▸ **Your task**:
Exact copy, no pictures: reproduce every record below as it stands.

^^^^

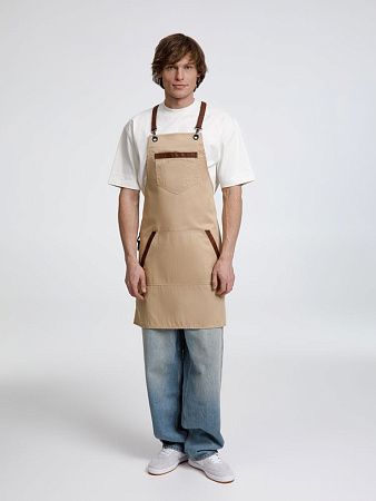 фартук - полиэстер 65%, хлопок 35%, плотность 240 г/м²; лямки - искусственная кожа; фурнитура - металл
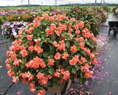 Impatiens Beacon White (32) and Impatiens Walleriana Imara Orange Star (33) are two colours from the Beacon and Imara series, long awaited to replace older impatiens genetics. In our trials, the Beacon and the Imara did very well all summer long without any signs of impatiens downy mildew (IDM) and with good garden performance. The double impatiens, such as Impatiens Double Fiesta Coral Orange (34),
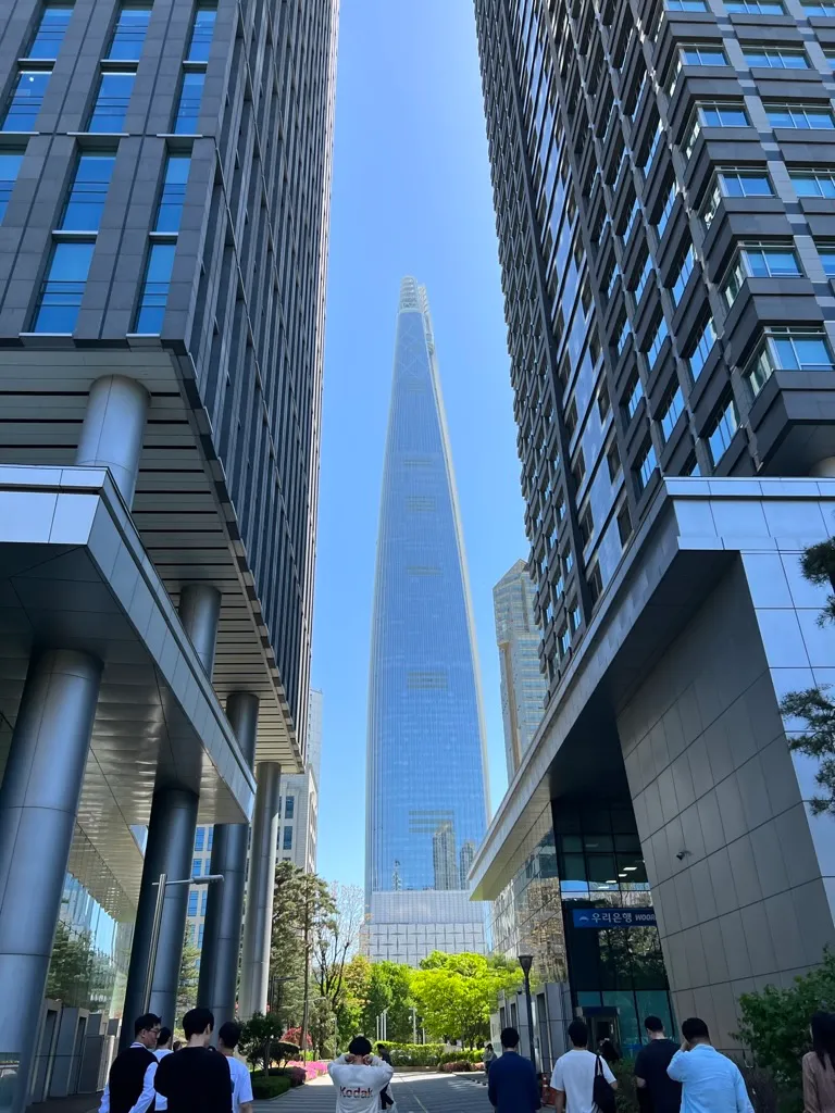오는길에 빌딩 사이에 보이는 잠실타워가 멋있어서 사진 한장 📸
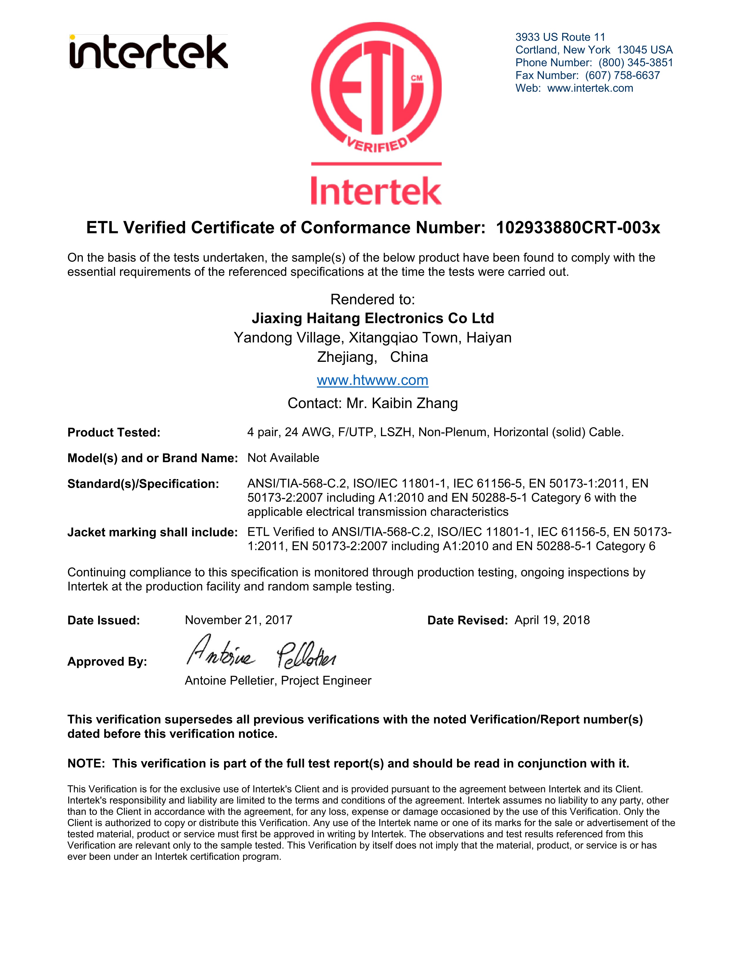 FUTP CAT6 24AWG LSZH ETL性能認(rèn)證
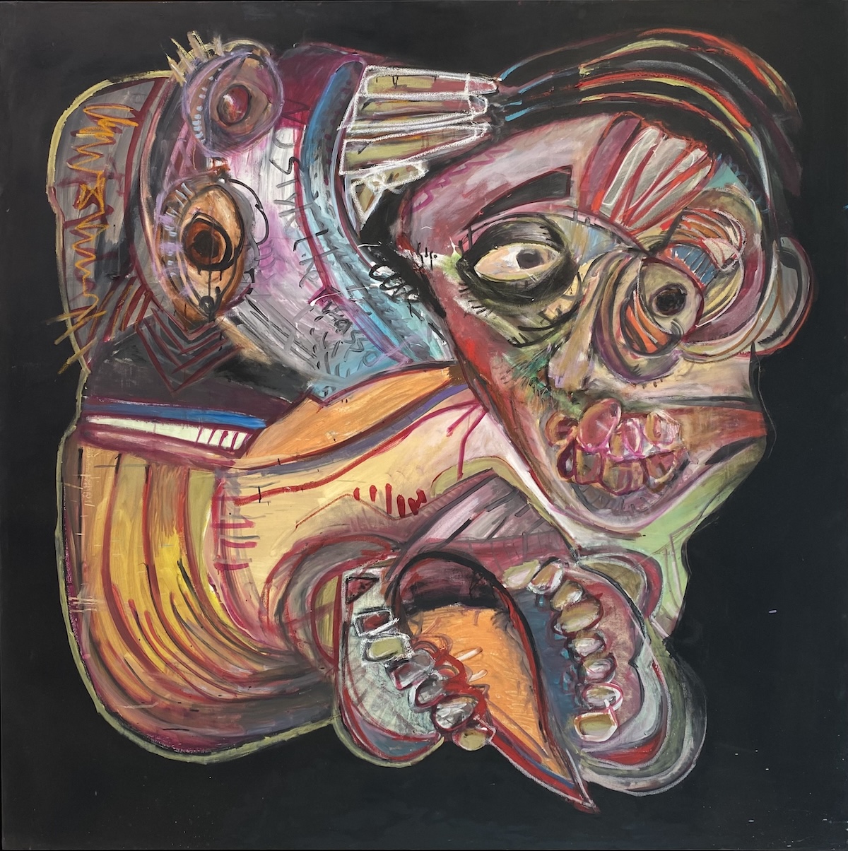 On a monitor to our left flicker scenes from Hakimian’s studio interview; before us and to the right hang three large-scale works that feature a range of techniques and approaches. Beginning with Fish of God (2022), we are confronted by a tapestry of collaged canvas fragments, one of which confidently sags off the frame’s bottom left quadrant. The titular figure, suspended above a cut-out scaffolding of jagged calligraphy, anoints its domain of flapping canvas waves with bile issuing in black rivulets from its toothed lips. To the right hangs WWIV (2022), a pluriform self portrait whose chaotic legions verge on abstraction against a backdrop of alternating patches of reds, pinks, blacks, and yellows. Hakimian’s approach of working his canvases from every side is not always evident, but in this work's bottom right corner, one can observe vertical paint drips rise in contradiction to it's displayed orientation. Completing Space 776's north wall is Dog Eat Dog (2022). Here, we depart from the apocalyptic palimpsests of the prior works and approach this show’s most straightforward elements of representation. Like a neo-cubist Ralph Steadman, Garo scrawls across the lips of this self-consuming hybridity “NO STyle LiKe Picasso”. What we critically glean from the range of these works’ aesthetic variations is how few limitations Garo places on the expression of his perceptual flexibility and by extension, his prioritization of personal artistic evolution over stylistic consistency - vision and instinct over perfection.
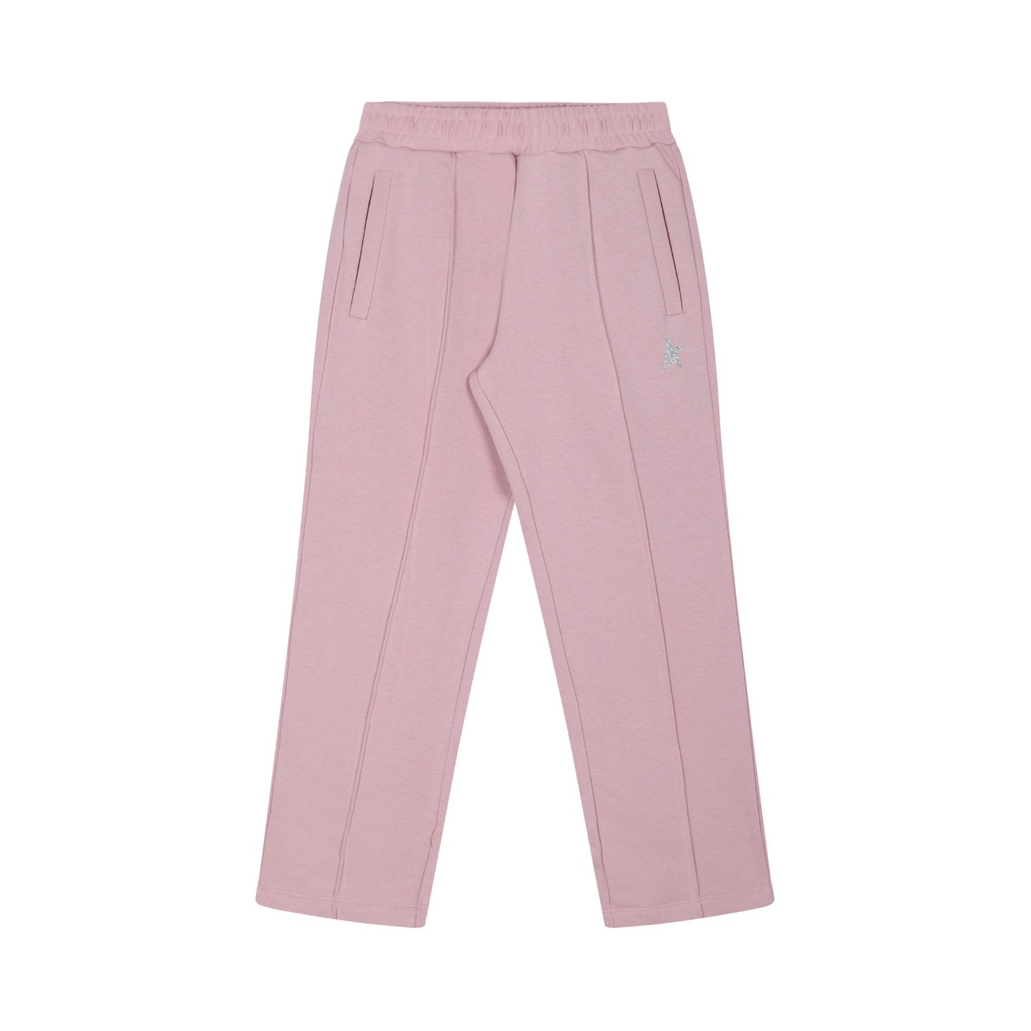 Golden Goose Kids Pink Jogging Pants. Pink cotton jogging pants with glitter star printed to the side, wide leg.
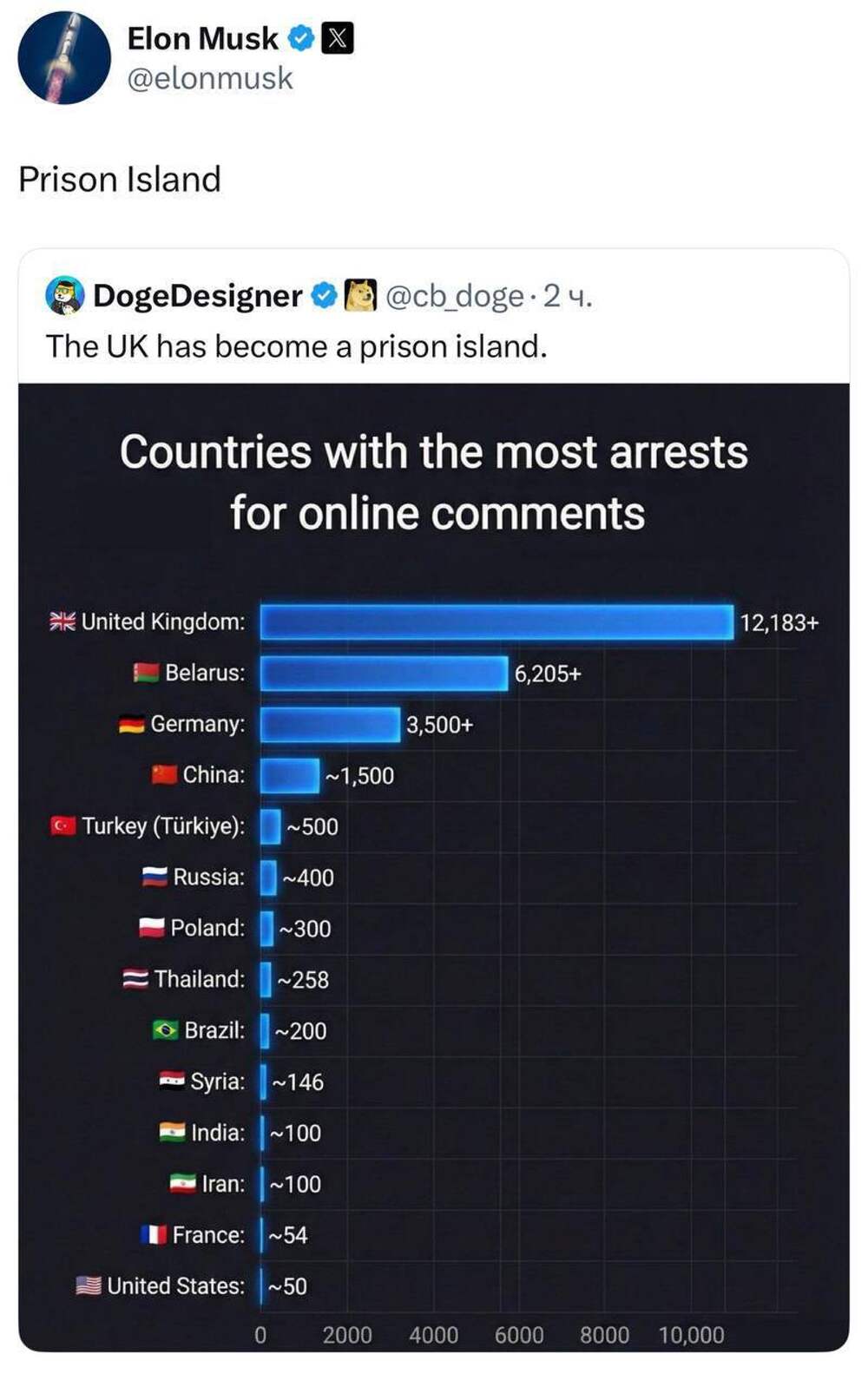 КККрымский каналЗаконы и реформыРоссия лишь шестая в мире по арестам за онлайн-комментарии, уступая БританииРоссия лишь шестая в мире по арестам за онлайн-комментарии, уступая Британии, Германии и Турции.
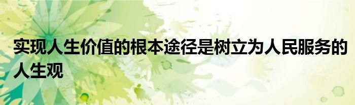 关于实现人生价值的根本途径是树立为人民服务的人生观这个很多人还不知道,今天菲菲来为大家解答以上的问题,现在让我们一起来看看吧!
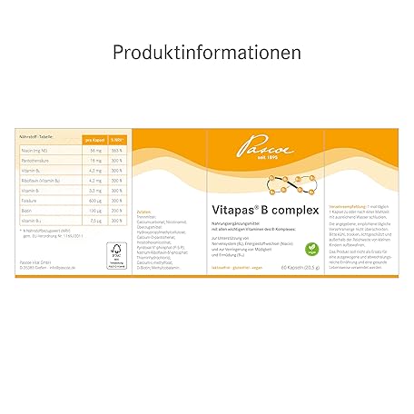 Thông tin sản phẩm Vitapas B Complex: Vitamin B Complex with All 8 Important B Vitamins (B1, B2, B3, B5, B6, B12), Biotin & Folic Acid - Energy & Strong Nerves - Vegan, Lactose & Gluten Free - 60 Capsules
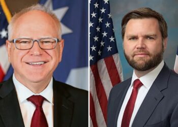 Los aspirantes a la Vicepresidencia de Estados Unidos, el gobernador demócrata de Minesota, Tim Walz, y el senador republicano de...
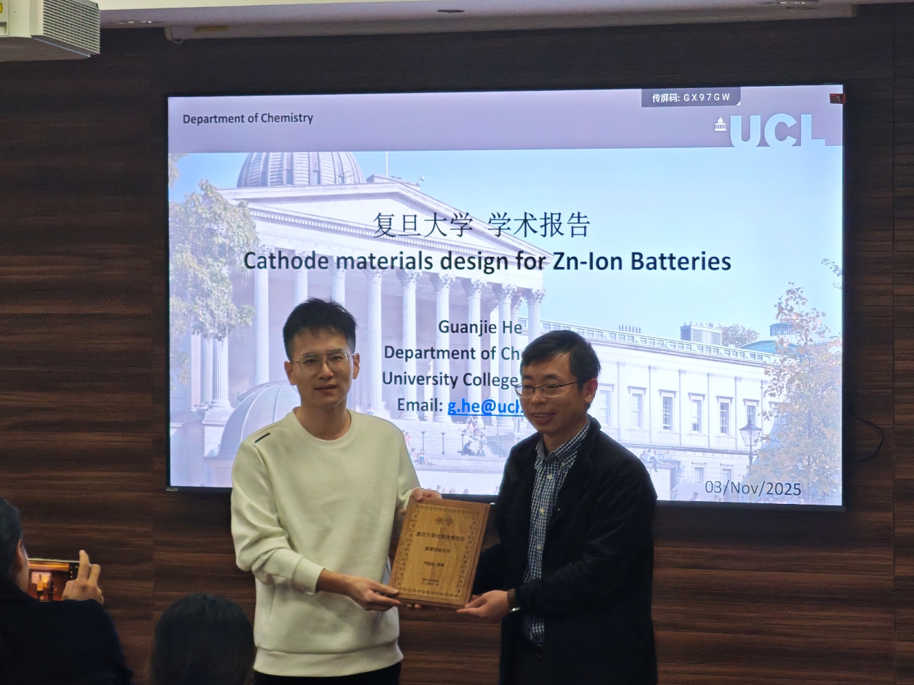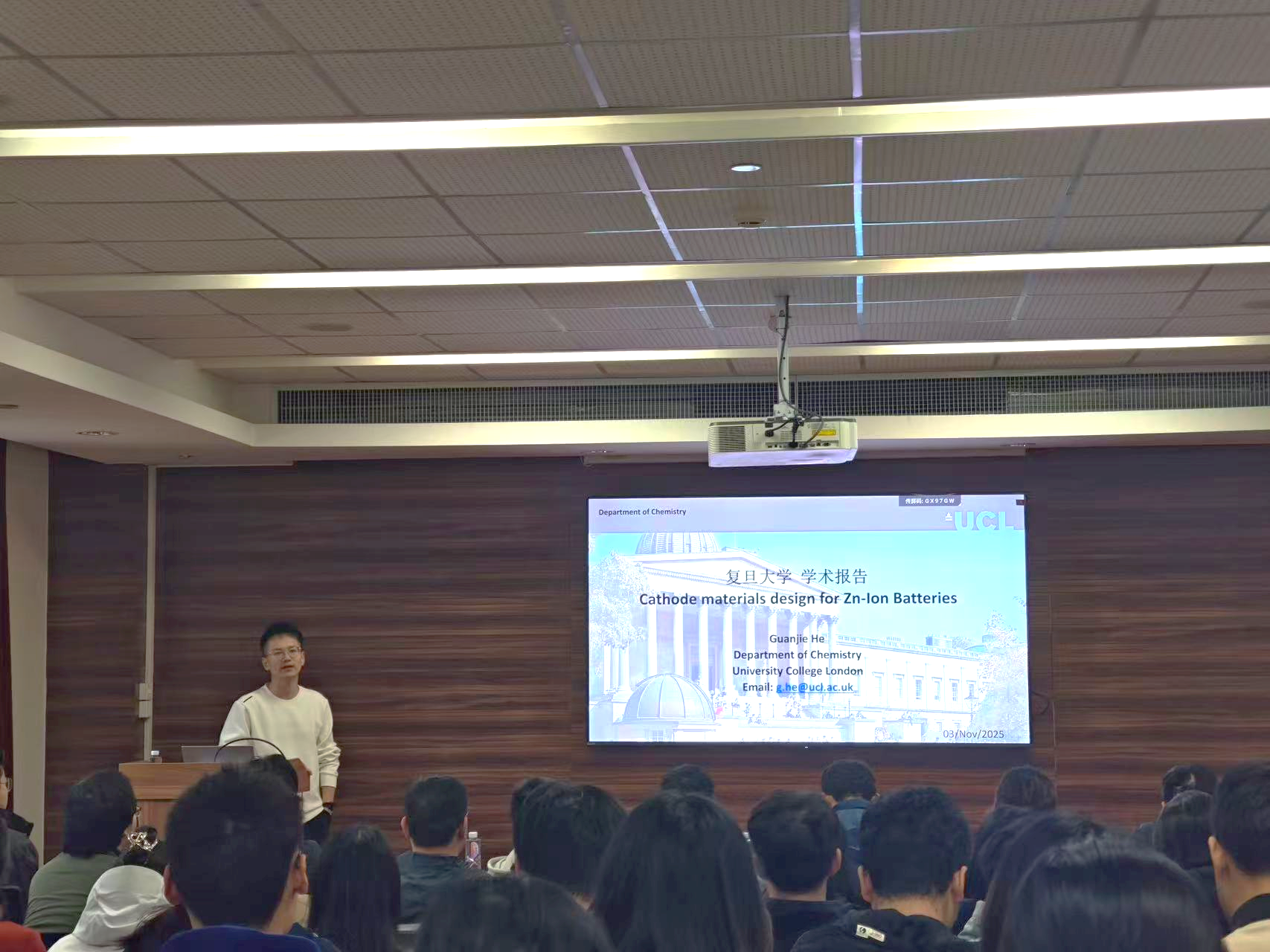 11月3日下午,“91直播 建系百年系列学术报告之光华论坛第八讲”在江湾校区91直播 楼A7032报告厅顺利举行。本次论坛特邀伦敦大学学院何冠杰教授作了题为“高性能水系锌离子电池的正极材料设计”的学术报告,91直播 李伟教授主持报告会,并代表主办方为何冠杰教授颁发荣誉证书,现场近百名师生参与交流,共同聚焦水系锌离子电池领域的前沿技术与研究突破。
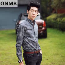 QNMB韩国代购时尚起义男装 韩版修身格子衬衣潮男士长袖衬衫
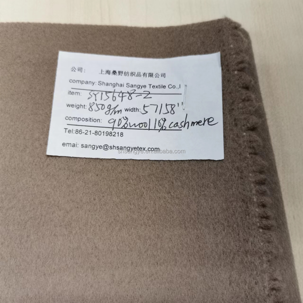 This article is described as: Commodity: SY15648-2 Width: 57/58" Weight: 567GSM Composition: 90% Wool 10% Cashmere Unit Price: $31.43/meter FOB Shanghai MOQ: 1000 meters per color per order, gray stock available, Delivery within 25 days Environmental protection, AZO less than 20PPM, no PA, limited harmful substances, high quality, dry cleaning, no washing, no bleaching, no drying, low temperature ironing. Color fastness can reach 3-4 grades, The shrinkage rate is below 5%, and the lead time for small orders is 1000 meters per color and 45 days per order. Generally speaking, 5-10 meters are available, and A4 samples are free. If you are interested, please contact us, thank you!
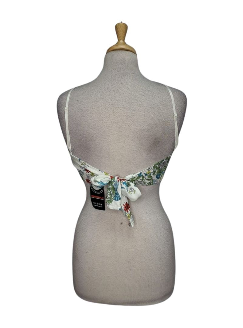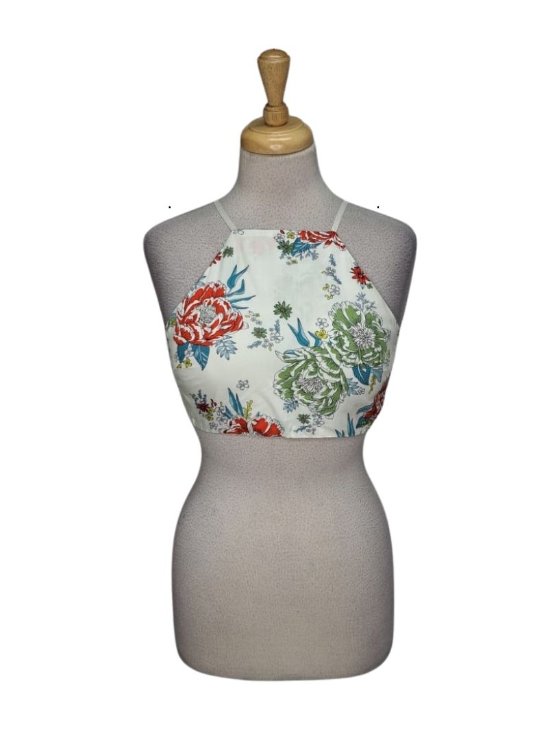 Inside Ladies Detailed Back Tie Crop Top - White/Green/Red

^^^^

▸ **Output below**:
 фартук - полиэстер 65%, хлопок 35%, плотность 240 г/м²; лямки - искусственная кожа; фурнитура - металл
 Impatiens Beacon White (32) and Impatiens Walleriana Imara Orange Star (33) are two colours from the Beacon and Imara series, long awaited to replace older impatiens genetics. In our trials, the Beacon and the Imara did very well all summer long without any signs of impatiens downy mildew (IDM) and with good garden performance. The double impatiens, such as Impatiens Double Fiesta Coral Orange (34),
오는길에 빌딩 사이에 보이는 잠실타워가 멋있어서 사진 한장 📸
 FUTP CAT6 24AWG LSZH ETL性能認(rèn)證
 On a monitor to our left flicker scenes from Hakimian’s studio interview; before us and to the right hang three large-scale works that feature a range of techniques and approaches. Beginning with Fish of God (2022), we are confronted by a tapestry of collaged canvas fragments, one of which confidently sags off the frame’s bottom left quadrant. The titular figure, suspended above a cut-out scaffolding of jagged calligraphy, anoints its domain of flapping canvas waves with bile issuing in black rivulets from its toothed lips. To the right hangs WWIV (2022), a pluriform self portrait whose chaotic legions verge on abstraction against a backdrop of alternating patches of reds, pinks, blacks, and yellows. Hakimian’s approach of working his canvases from every side is not always evident, but in this work's bottom right corner, one can observe vertical paint drips rise in contradiction to it's displayed orientation. Completing Space 776's north wall is Dog Eat Dog (2022). Here, we depart from the apocalyptic palimpsests of the prior works and approach this show’s most straightforward elements of representation. Like a neo-cubist Ralph Steadman, Garo scrawls across the lips of this self-consuming hybridity “NO STyle LiKe Picasso”. What we critically glean from the range of these works’ aesthetic variations is how few limitations Garo places on the expression of his perceptual flexibility and by extension, his prioritization of personal artistic evolution over stylistic consistency - vision and instinct over perfection.
 Golden Goose Kids Pink Jogging Pants. Pink cotton jogging pants with glitter star printed to the side, wide leg.
 КККрымский каналЗаконы и реформыРоссия лишь шестая в мире по арестам за онлайн-комментарии, уступая БританииРоссия лишь шестая в мире по арестам за онлайн-комментарии, уступая Британии, Германии и Турции.
 关于实现人生价值的根本途径是树立为人民服务的人生观这个很多人还不知道,今天菲菲来为大家解答以上的问题,现在让我们一起来看看吧!
 Thông tin sản phẩm Vitapas B Complex: Vitamin B Complex with All 8 Important B Vitamins (B1, B2, B3, B5, B6, B12), Biotin & Folic Acid - Energy & Strong Nerves - Vegan, Lactose & Gluten Free - 60 Capsules
 Los aspirantes a la Vicepresidencia de Estados Unidos, el gobernador demócrata de Minesota, Tim Walz, y el senador republicano de...
 11月3日下午,“91直播 建系百年系列学术报告之光华论坛第八讲”在江湾校区91直播 楼A7032报告厅顺利举行。本次论坛特邀伦敦大学学院何冠杰教授作了题为“高性能水系锌离子电池的正极材料设计”的学术报告,91直播 李伟教授主持报告会,并代表主办方为何冠杰教授颁发荣誉证书,现场近百名师生参与交流,共同聚焦水系锌离子电池领域的前沿技术与研究突破。
 QNMB韩国代购时尚起义男装 韩版修身格子衬衣潮男士长袖衬衫
 This article is described as: Commodity: SY15648-2 Width: 57/58" Weight: 567GSM Composition: 90% Wool 10% Cashmere Unit Price: $31.43/meter FOB Shanghai MOQ: 1000 meters per color per order, gray stock available, Delivery within 25 days Environmental protection, AZO less than 20PPM, no PA, limited harmful substances, high quality, dry cleaning, no washing, no bleaching, no drying, low temperature ironing. Color fastness can reach 3-4 grades, The shrinkage rate is below 5%, and the lead time for small orders is 1000 meters per color and 45 days per order. Generally speaking, 5-10 meters are available, and A4 samples are free. If you are interested, please contact us, thank you!
 Inside Ladies Detailed Back Tie Crop Top - White/Green/Red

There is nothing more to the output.